Hugo: So this basically machine learning side of things, when you're making product changes or anything along those lines, do you also do, or does somebody at GitHub do online experiments to decide the direction of these changes?

Omoju: We are beginning to start to have a team that's going to start doing that. Right now, machine learning is very nascent to us. Machine learning is around a year or a year plus. So we are at the beginnings of doing all of those kinds of things. We are not ready yet for full-on online experimentation quite yet. But we do a little bit of that.

Hugo: Really exciting times.

Omoju: Yes, very exciting times.

Hugo: I've heard you describe what you do, and we're speaking about this already, but specifically is you use computation to build products to solve real-life decision-making practical challenges. And I'm wondering what practical business challenges does GitHub face that data science can help to solve?

Omoju: One of the things is a lot of open source is on GitHub. Open source often times is looking for contributors, people to contribute to the open source repository. And the maintainers sometimes get overwhelmed. So one very simple thing is perhaps as an open-source library you really like and you use it all the time. And then you realize, "Oh my God, this thing is missing from this library," maybe something like Pandas. And then you just automatically go to the Pandas repo, and you open an issue: "Oh, I see that when I do this and that, this x, y, z happened. Wouldn't it be great if you could fix this for me," so on and so forth. Open an issue, leave the issue in the repo, right?

Hugo: Mm-hmm (affirmative).

Omoju: There might be other issues that have basically said the same thing. So when the maintainer comes to that repo, triaging all those issues becomes a very, very big challenge so that the challenge of triaging, and finding duplicates, and what has been opened, and what has been closed, what's most relevant, all that kind of stuff, just doing all that decision-making around that is a major problem. And that's a problem that can be solved with machine learning.

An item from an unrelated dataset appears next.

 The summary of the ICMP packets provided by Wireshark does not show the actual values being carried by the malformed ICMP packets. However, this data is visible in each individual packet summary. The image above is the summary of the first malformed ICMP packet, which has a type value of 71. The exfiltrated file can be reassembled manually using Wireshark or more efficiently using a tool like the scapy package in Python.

Hugo: That's fantastic. So I'm just going to stop you for one second and kind of reiterate what you've said, that this is actually one of the biggest challenges in open-source software development. There's a huge rate of burnout in developers, who were doing a lot of this in their own time after working their full-time jobs, taking time out from their family to do this. And it's a huge challenge faced by the community at large. How do we even think about package maintenance, especially with the expectations that come from the user community?

Omoju: Yes. We, the users, we are so ... We want everything now. So I saw it recently, and I was literally aghast. I was like, "Oh my God." So I think it was like matplotlib, NumPy, and maybe Pandas or something, those three SciPy packages for data science pretty much are maintained by 15 people.

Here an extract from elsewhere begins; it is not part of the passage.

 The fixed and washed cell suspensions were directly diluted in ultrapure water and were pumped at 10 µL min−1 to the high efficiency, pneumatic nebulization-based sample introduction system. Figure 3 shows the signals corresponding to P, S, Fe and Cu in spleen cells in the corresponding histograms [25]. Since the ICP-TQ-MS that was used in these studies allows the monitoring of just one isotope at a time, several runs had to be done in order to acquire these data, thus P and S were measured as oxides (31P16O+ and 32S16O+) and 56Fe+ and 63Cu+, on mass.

Hugo: Yeah. I saw that as well on Twitter.

Omoju: I was like, "What?" It was like three of them, five people each. I was like, "What?"

Omoju: "Five people? This is insane." And the number of people that use those packages, orders of magnitude, millions of people. Five people?

Hugo: Yeah. I was just going to say hopefully those five people are never in the name room at the same time.

Omoju: Exactly. So it's a machine learning problem if as a maintainer you can come to GitHub, and I've already triaged all the issues for you to let you know, all right, maybe you have like 10 contributors. The 10 contributors are available right now. And I know what their skill sets are. I could say contributor number A will be great for issue number B and match them because all I know is this contributor can close this kind of issues very, very fast, so I can just match them automatically for you. I can basically get rid of all the dead issues like the things that we won't fix because it's just out of our control, or it's not on our roadmap.
I could come up with all the duplicate ones. I can find other issues on the platform that are from other repos that look like your issue that have been closed and figure out what the solution was. So these are all the things that can just help you. Maybe then those five people then become like an army of 300 because they are powered by machine learning.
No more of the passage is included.